**Exercise brief**
Below are records with pictures. Transcribe exactly, and only, the lines from the line with "コリコリした食感としば漬けのほどよい酸味でお酒のアテによかったです。" to the line with "Zu Beginn des", both ends included, but not the pictures.

**Supplied material**
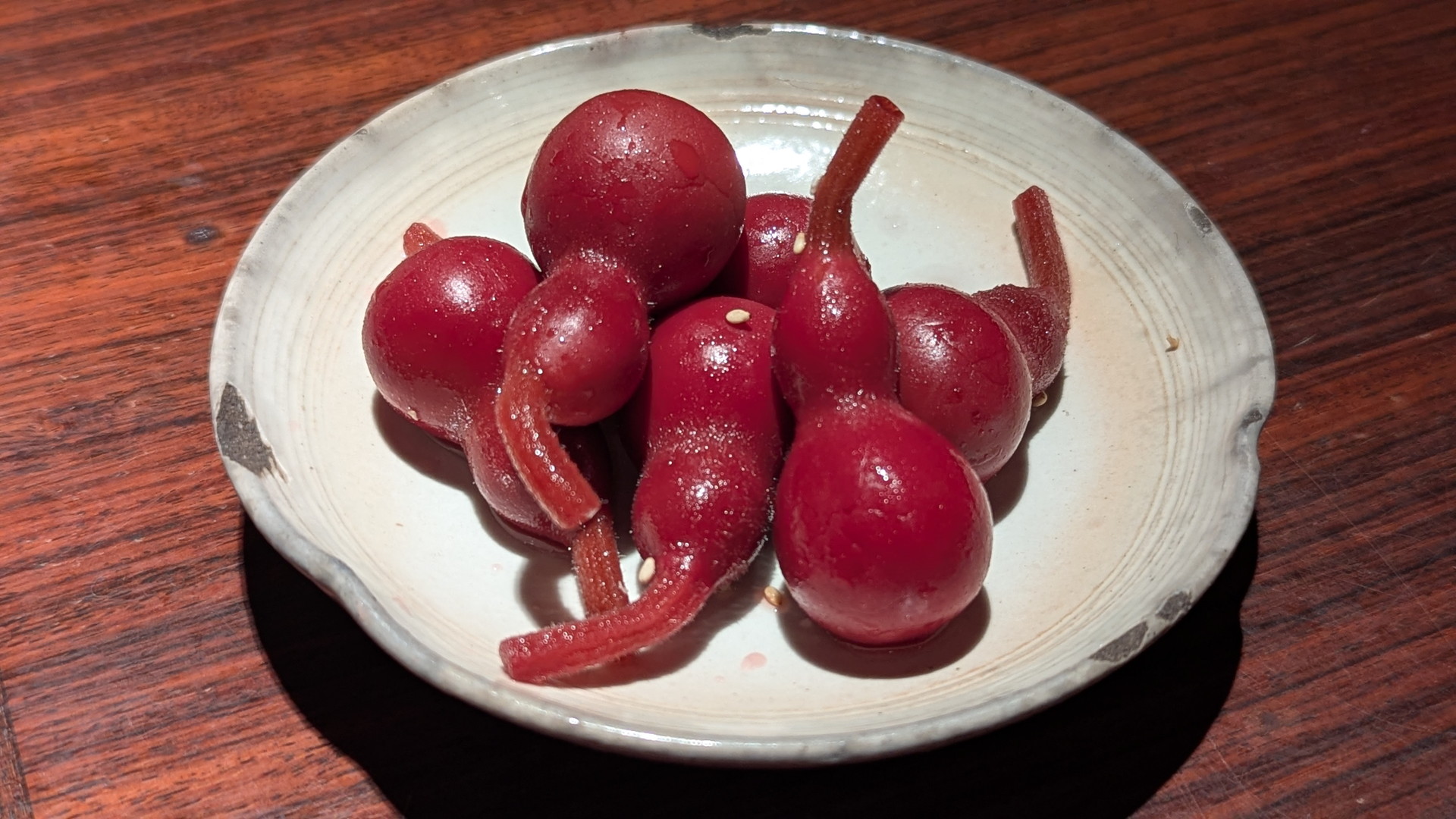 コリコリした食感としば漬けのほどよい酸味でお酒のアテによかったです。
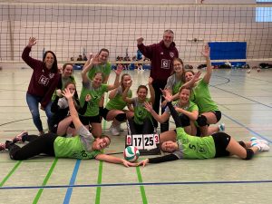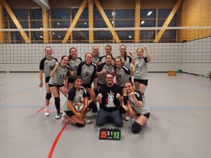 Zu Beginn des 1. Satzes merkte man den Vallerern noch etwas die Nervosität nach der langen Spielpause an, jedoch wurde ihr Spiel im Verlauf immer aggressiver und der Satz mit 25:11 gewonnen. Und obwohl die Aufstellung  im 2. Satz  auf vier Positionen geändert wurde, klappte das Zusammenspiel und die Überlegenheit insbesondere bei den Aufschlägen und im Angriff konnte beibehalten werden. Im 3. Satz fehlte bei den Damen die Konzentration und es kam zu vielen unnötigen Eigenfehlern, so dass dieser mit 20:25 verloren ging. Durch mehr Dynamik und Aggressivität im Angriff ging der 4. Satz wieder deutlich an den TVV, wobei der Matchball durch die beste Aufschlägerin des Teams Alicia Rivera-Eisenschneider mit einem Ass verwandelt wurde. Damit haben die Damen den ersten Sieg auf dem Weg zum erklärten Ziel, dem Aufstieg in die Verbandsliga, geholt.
* * *
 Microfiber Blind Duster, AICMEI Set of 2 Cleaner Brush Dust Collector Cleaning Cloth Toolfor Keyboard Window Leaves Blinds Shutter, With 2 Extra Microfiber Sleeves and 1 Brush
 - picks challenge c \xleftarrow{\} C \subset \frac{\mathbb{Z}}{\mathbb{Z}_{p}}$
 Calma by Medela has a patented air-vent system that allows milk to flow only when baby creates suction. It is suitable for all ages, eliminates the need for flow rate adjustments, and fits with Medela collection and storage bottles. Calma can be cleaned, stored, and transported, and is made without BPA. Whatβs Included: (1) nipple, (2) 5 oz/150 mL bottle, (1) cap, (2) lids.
...
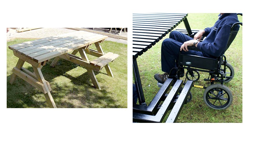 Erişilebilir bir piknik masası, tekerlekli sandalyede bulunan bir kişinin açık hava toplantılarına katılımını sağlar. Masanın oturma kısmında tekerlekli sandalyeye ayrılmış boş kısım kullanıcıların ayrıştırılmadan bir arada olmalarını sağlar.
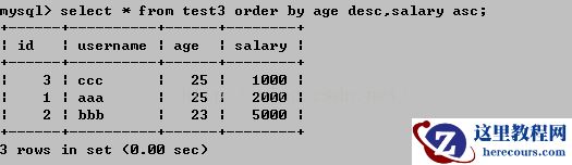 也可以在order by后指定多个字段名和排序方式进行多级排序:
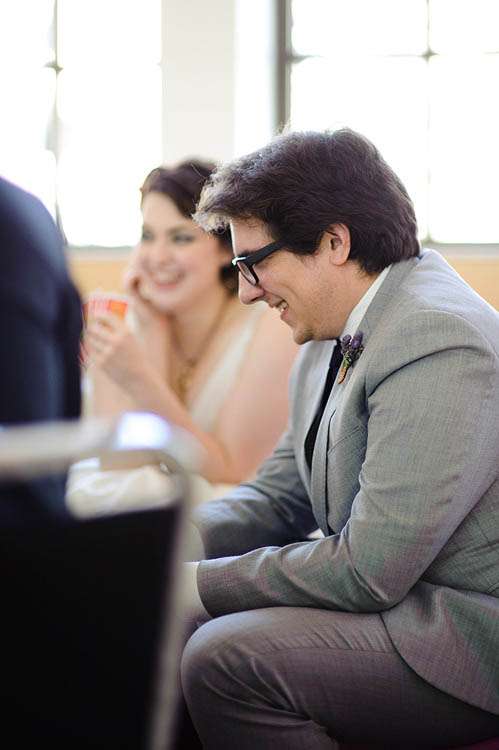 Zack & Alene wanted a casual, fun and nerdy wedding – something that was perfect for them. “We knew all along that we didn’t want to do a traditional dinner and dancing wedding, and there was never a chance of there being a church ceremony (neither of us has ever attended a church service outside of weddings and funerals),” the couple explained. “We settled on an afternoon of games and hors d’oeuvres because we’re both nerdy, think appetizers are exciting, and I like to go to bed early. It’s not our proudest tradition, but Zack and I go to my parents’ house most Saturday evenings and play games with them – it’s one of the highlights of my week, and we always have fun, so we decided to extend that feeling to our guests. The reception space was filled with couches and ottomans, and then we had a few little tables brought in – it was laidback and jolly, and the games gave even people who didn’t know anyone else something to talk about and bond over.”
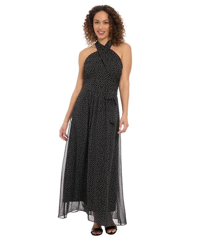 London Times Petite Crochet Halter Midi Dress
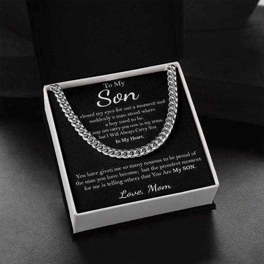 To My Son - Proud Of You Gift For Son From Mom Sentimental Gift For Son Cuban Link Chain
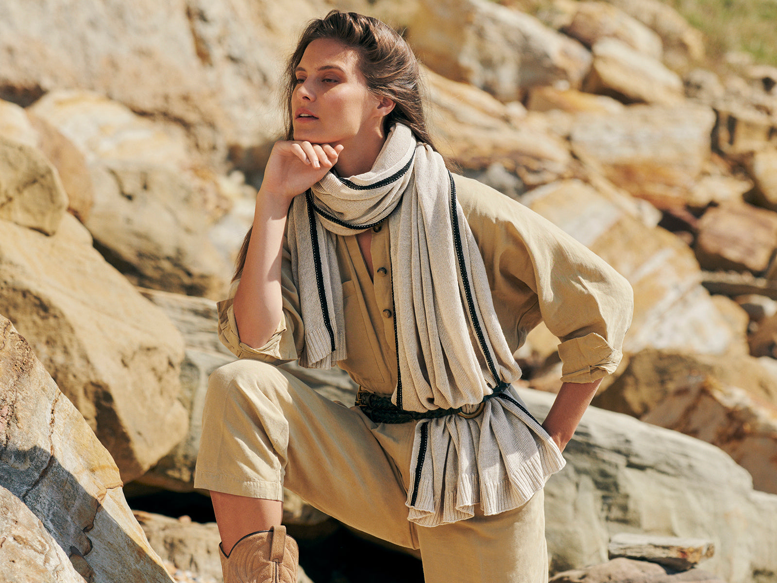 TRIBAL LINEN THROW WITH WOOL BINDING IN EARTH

**The answer**
 コリコリした食感としば漬けのほどよい酸味でお酒のアテによかったです。
 Zu Beginn des 1. Satzes merkte man den Vallerern noch etwas die Nervosität nach der langen Spielpause an, jedoch wurde ihr Spiel im Verlauf immer aggressiver und der Satz mit 25:11 gewonnen. Und obwohl die Aufstellung  im 2. Satz  auf vier Positionen geändert wurde, klappte das Zusammenspiel und die Überlegenheit insbesondere bei den Aufschlägen und im Angriff konnte beibehalten werden. Im 3. Satz fehlte bei den Damen die Konzentration und es kam zu vielen unnötigen Eigenfehlern, so dass dieser mit 20:25 verloren ging. Durch mehr Dynamik und Aggressivität im Angriff ging der 4. Satz wieder deutlich an den TVV, wobei der Matchball durch die beste Aufschlägerin des Teams Alicia Rivera-Eisenschneider mit einem Ass verwandelt wurde. Damit haben die Damen den ersten Sieg auf dem Weg zum erklärten Ziel, dem Aufstieg in die Verbandsliga, geholt.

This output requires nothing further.